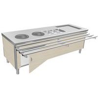- 3 GN1/3 polycarbonaat bestekbakken 150 mm diep (meegeleverd).
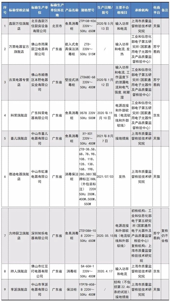 本次抽查了6个省(市)58家生产企业的59批次食具消毒柜产品,其中2批次涉嫌假冒,已交由企业所在地市场监管部门处理。
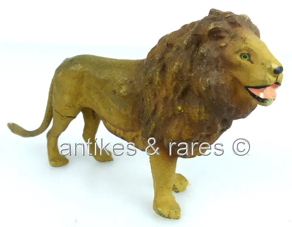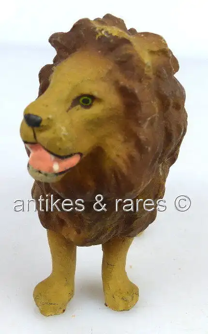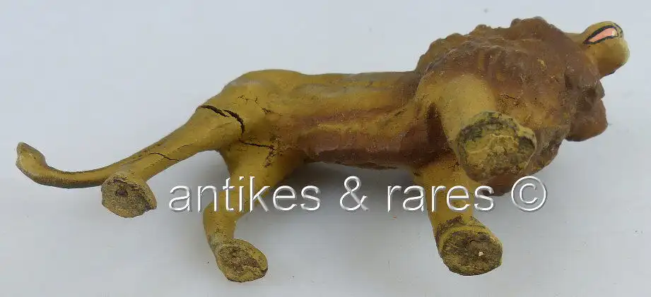 Herzlich Willkommen Gern können Sie auch in meine anderen Auktionen reinschauen. Viel Spaß dabei Sie sehen hier auf ein original altes Elastolin Tier: Löwe \nGröße ca.: 11 x 3 x 6,5 cm Das Elastolintier ist im bespielten, gebrauchten Zustand und ist nicht geputzt oder gereinigt worden. Zwei Beine haben Einrisse und eines ist gebrochen. Bitte sehen Sie sich die Fotos zum Zustand des Artikels/der Artikel an, da diese Bestandteil der Auktion sind (siehe Foto oben).
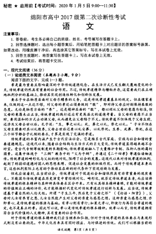 阳光学习网 来源: 绵阳二诊语文 2020-01-12 本文受益:人 大 中 小
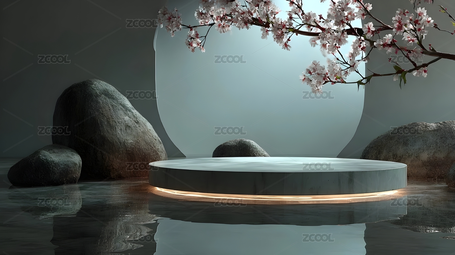 水中圆台与粉色花枝
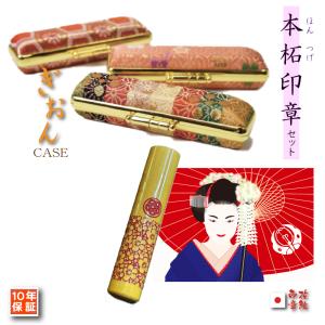 印鑑 実印 女性 はんこ 銀行印 ●和柄文様柘植とぎおんケース印鑑セット 祇園印鑑ケース付セット かわいい 和柄 花柄 10.5・12・13.5・15 ミリ×60mm
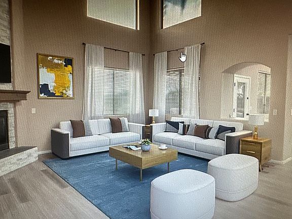 This stunning two-story home is a perfect blend of modern updates and comfortable living, featuring a golf course lot and a gorgeous backyard with sparkling pool. Inside, the open floor plan showcases high ceilings, abundant natural light and stylish finishes throughout. The expansive living area, complete with a stone-accented fireplace, flows seamlessly into the dining & kitchen spaces. The kitchen features granite counters, an island with seating, a pantry & gas stove with/ adjacent formal dining room. The laundry room, full bathroom & bedroom complete the main level. Upstairs, the primary suite is a true retreat with a vaulted ceiling, walk-in closet, and an en-suite bathroom w/ dual vanities, a soaking tub and separate shower. 3 additional bedrooms & loft offer generous space and versatility. The backyard is a private oasis with a covered patio extended with pavers and a pool perfect for relaxing or entertaining while watching the golfers and gorgeous sunsets. The three-car garage features extensive built-in storage and a workbench. With quickest access to Hwy 347 & one of Maricopa's lowest HOAs, Rancho El Dorado has a palm tree lined entrance with lake, golf course throughout, playgrounds, Silver Spur Restaurant & pro shop and two elementary schools.
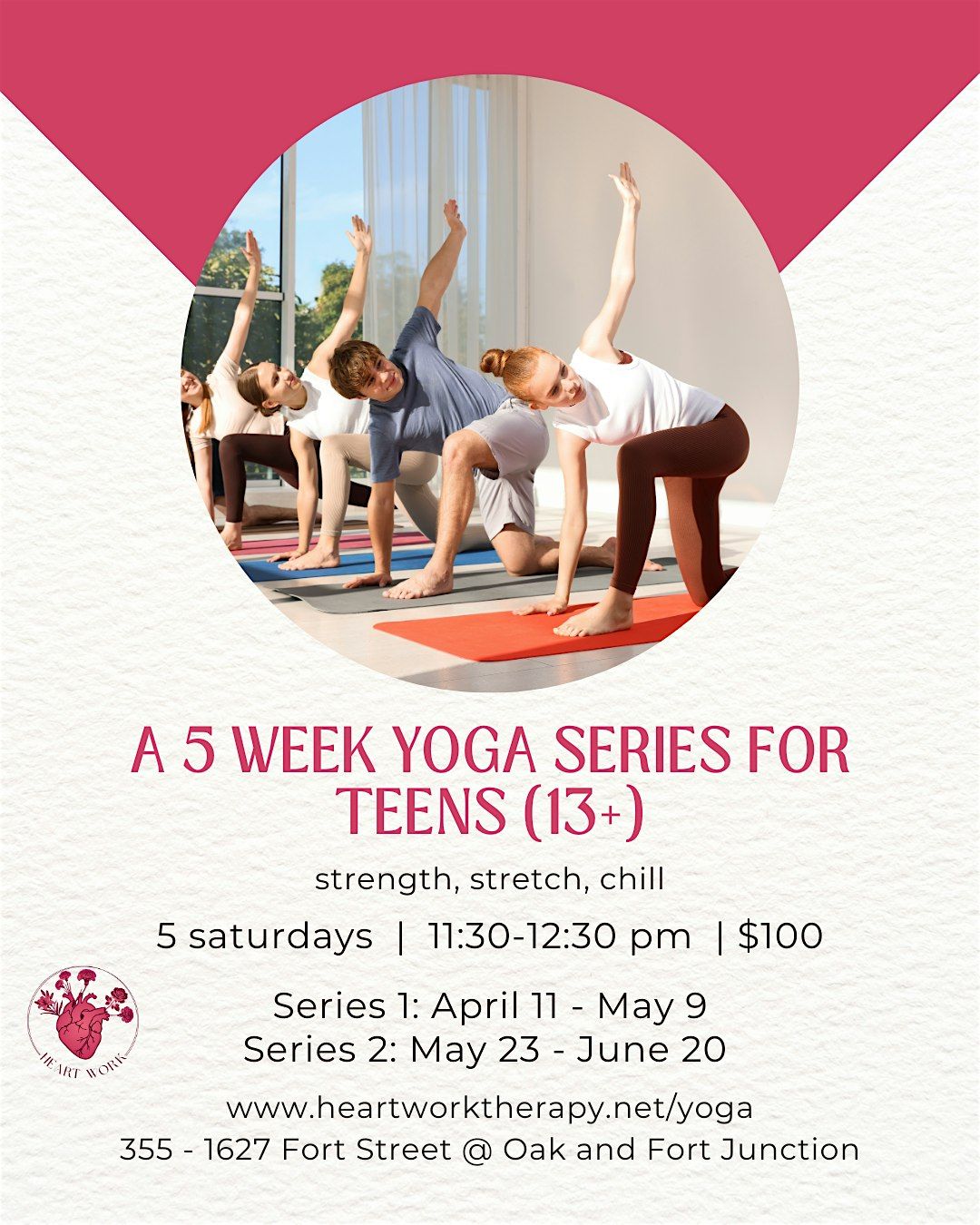 A yoga class created just for teens to move, breathe, and release the stress from the week. This class blends elements of strength, flexibility, and mindfulness to help teens feel stronger in their bodies and calmer in their minds.
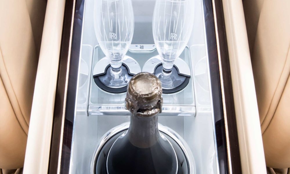 There’s an interesting feature in this one-off. The entire centre console houses a mechanism that, at the touch of a button, will deploy a bottle of the client’s favourite vintage champagne and two crystal champagne flutes. As the lid of the chiller opens, the mechanical action articulates the bottle to the perfect position for the owner to pick up.
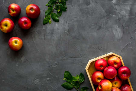 Ripe red apples with leaves - top view, copy space
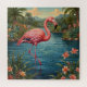 Un paradis vintage avec ce flamant rose de style rétro, élégamment niché dans un lagon tropical paisible.
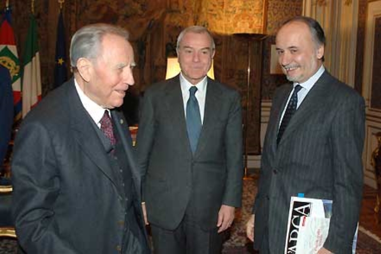Il Presidente Ciampi, con il Dott. Gianni Letta, Sottosegretario di Stato alla Presidenza del Consiglio dei Ministri e l'Arch. Mario Virano, Presidente dell'Osservatorio sulla TAV Torino - Lione
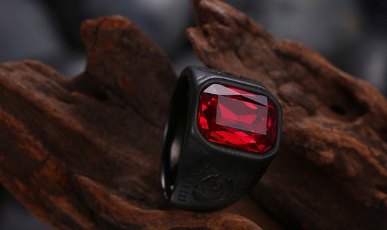 Vintage Red Stone Black Ring For Men Women Punk Gothic Style Male Finger Jewelry Gift Wholesale
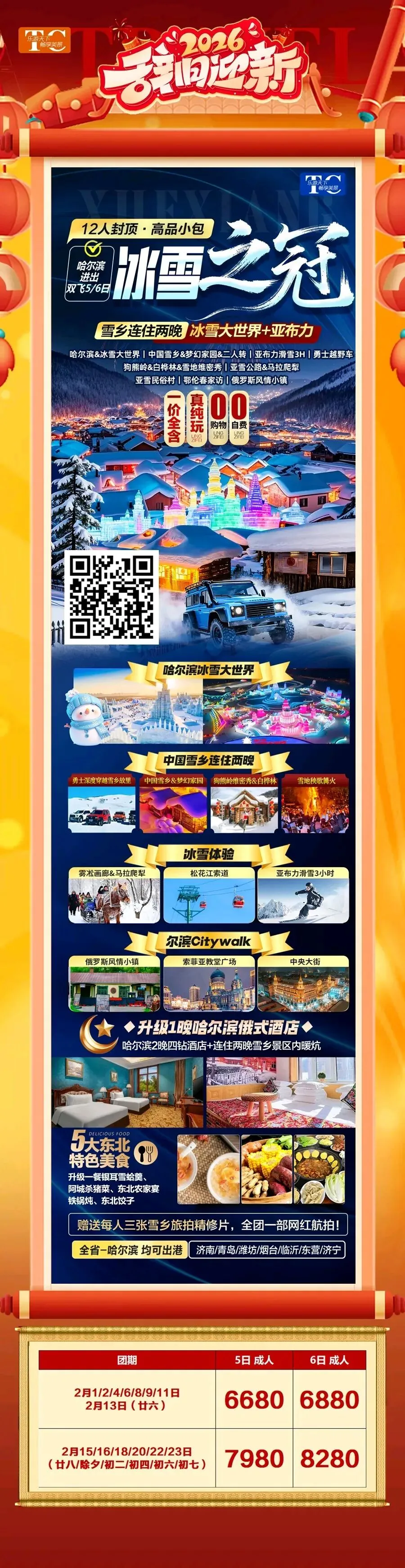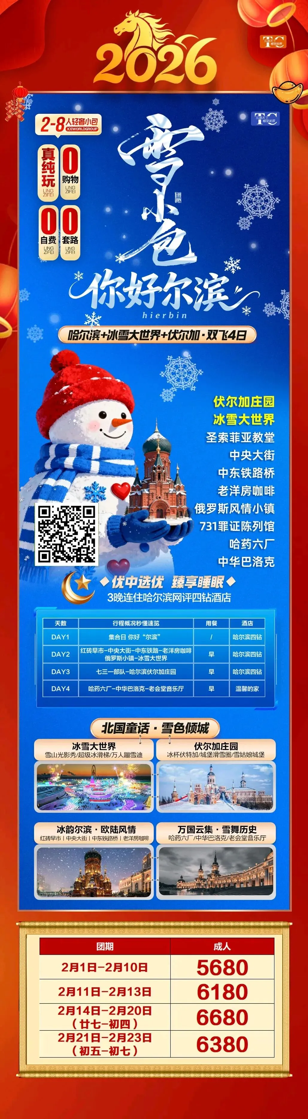 【冰雪童话】哈尔滨/横道河子/亚布力/镜泊湖/雪乡/冰雪大世界双飞5/6日2-8人轻奢小包|真纯玩 0购物|全程无自费无套路!🏰 伏尔加庄园:冰杯伏特加 + 城堡滑雪圈 + 雪姑娘城堡秘境打卡🌆 漫游冰韵哈尔滨:中央大街+圣索菲亚教堂+俄罗斯风情小镇+老洋房咖啡~🧊长春/大美长白山/小韩国延吉/中国雪乡/冰雪迪士尼/激情滑雪/雾凇长廊/小火车🔴赠送:马拉爬犁丨冰雪画廊丨雪地摩托丨雾凇漂流丨梦幻家园&二人转【重大须知】请务必详细阅览!

◆ ◆ ◆ ◆ ◆

### TASK ITEM
The response should consist of the lines above from the first through the one containing "印鑑 実印 女性 はんこ", transcribed exactly, with every picture left out.

### WRITTEN ANSWER
- 3 GN1/3 polycarbonaat bestekbakken 150 mm diep (meegeleverd).
 本次抽查了6个省(市)58家生产企业的59批次食具消毒柜产品,其中2批次涉嫌假冒,已交由企业所在地市场监管部门处理。
 Herzlich Willkommen Gern können Sie auch in meine anderen Auktionen reinschauen. Viel Spaß dabei Sie sehen hier auf ein original altes Elastolin Tier: Löwe \nGröße ca.: 11 x 3 x 6,5 cm Das Elastolintier ist im bespielten, gebrauchten Zustand und ist nicht geputzt oder gereinigt worden. Zwei Beine haben Einrisse und eines ist gebrochen. Bitte sehen Sie sich die Fotos zum Zustand des Artikels/der Artikel an, da diese Bestandteil der Auktion sind (siehe Foto oben).
 阳光学习网 来源: 绵阳二诊语文 2020-01-12 本文受益:人 大 中 小
 水中圆台与粉色花枝
 印鑑 実印 女性 はんこ 銀行印 ●和柄文様柘植とぎおんケース印鑑セット 祇園印鑑ケース付セット かわいい 和柄 花柄 10.5・12・13.5・15 ミリ×60mm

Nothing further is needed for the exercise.